Another Cape Verdian-born star footballer who wears a different country's national jersey is Gelson Fernandes, who was born in Praia
. The player best known as Gelson currently plays for the Udinese in Italy, but also played for Manchester City and Saint Etienne, among other top European teams. Gelson's family moved to Switzerland when he was 5-years old, and he plays for the national Swiss team, for which he scored a goal during the 2010 World cup against Spain.
Another player with Cape Verde origins is retired Portugal national Jorge Andrade, who played for Porto, Deportivo La Coruna in Spain and Juventus in Italy, and he scored a goal for Portugal in a World Cup qualifying match against Luxembourg in 2005. Andrade is one of the footballers who hasn't forgotten his roots; he has been known to do grassroots football work during a visit to the homeland.
The also retired Senegal-born Patrick Vieira's mother is Cape Verdian. Vieira is a French national, because his family moved to that country when he was a child. After his debut playing for Cannes, Vieira played for Juventus, Internazionale and Manchester City. He was part of the national team of France that won the World Cup in 1998, playing a key role in the victory goal, and he continued to wear the French jersey for over 10 years, achieving numerous honours.
Nani (Wikimedia Commons)
Blue Sharks History and Players
The way Cape Verde football has evolved can be seen in the nation's FIFA ranking evolution, from position 182 in April 2000 to occupying the 62nd place in March 2012.
Cape Verde while ranked 117 in the world managed to hold the mighty Portugal to a 0-0 draw during Portugal’s World Cup preparations in 2010. The result was even more remarkable as Portugal had a full strength side including Cristiano Ronaldo and Nani.
In the qualification campaign for the 2006 World Cup, the Cape Verde football team went all the way to the Final Round. In 2010 Cape Verde came up second in its series in the Second Round, above Tanzania and Mauritius, though behind Cameroon, but didn't make it to the Third Round.

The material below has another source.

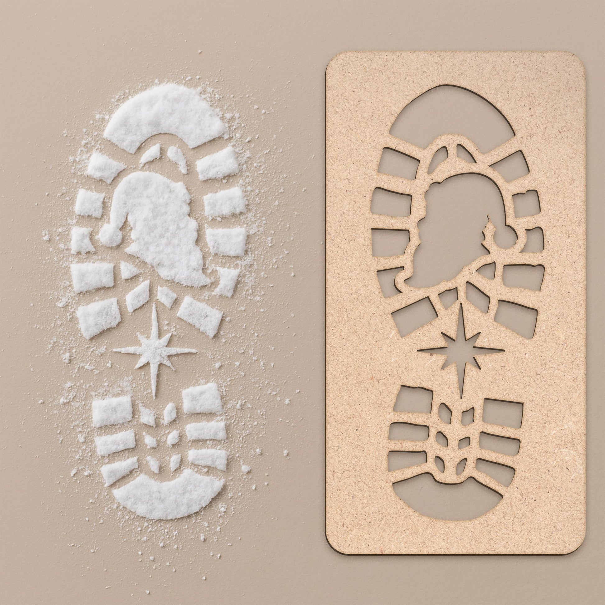 Bring Christmas morning magic to life with this Santa Boot Print Stencil — the perfect way to surprise little ones with “proof” that Father Christmas has visited! Simply place the stencil on the floor and dust over it with flour, icing sugar, or fake snow to leave behind realistic Santa footprints. Made from durable 3mm laser-cut MDF, this stencil can be reused year after year for a festive tradition your family will adore.

The Blue Sharks most important triumphs include winning the Amilcar Cabral Cup in 2000 and the
Lusophony Games in 2009.
The latest line-up of the Cape Verde national team includes a number of internationally acclaimed players. Odysseu Guy Ramos, currently plays in the Netherlands for RKC Waalwijk, Toni Varela plays for Sparta Rotterdam, Ryan Mendes da Graça plays for Le Havre in France and Valdo plays for Levante, while Valter plays for CD Alcala, both in Spain. The list includes players from local Cape Verde teams as well, such as Vozinha and Cadu from Mindelense, Kadu from Boavista de Praia, Dario from Sporting the Praia and Adilson from Académica da Praia.
The team's current manager Lucio Antunes, who has put together a team of players who play abroad, complains that it is hard to prepare the team for international matches in such a short time, not being able to rely on players who are available to train in Cape Verde for longer periods. However, Antunes maintains that he is working on making the team spirit stronger, and he is very confident about Cape Verde's possibilities in view of the next world cup in Brazil.
Cape Verde is currently ranked 15th in Africa, and it is dreaming of great achievements for the future.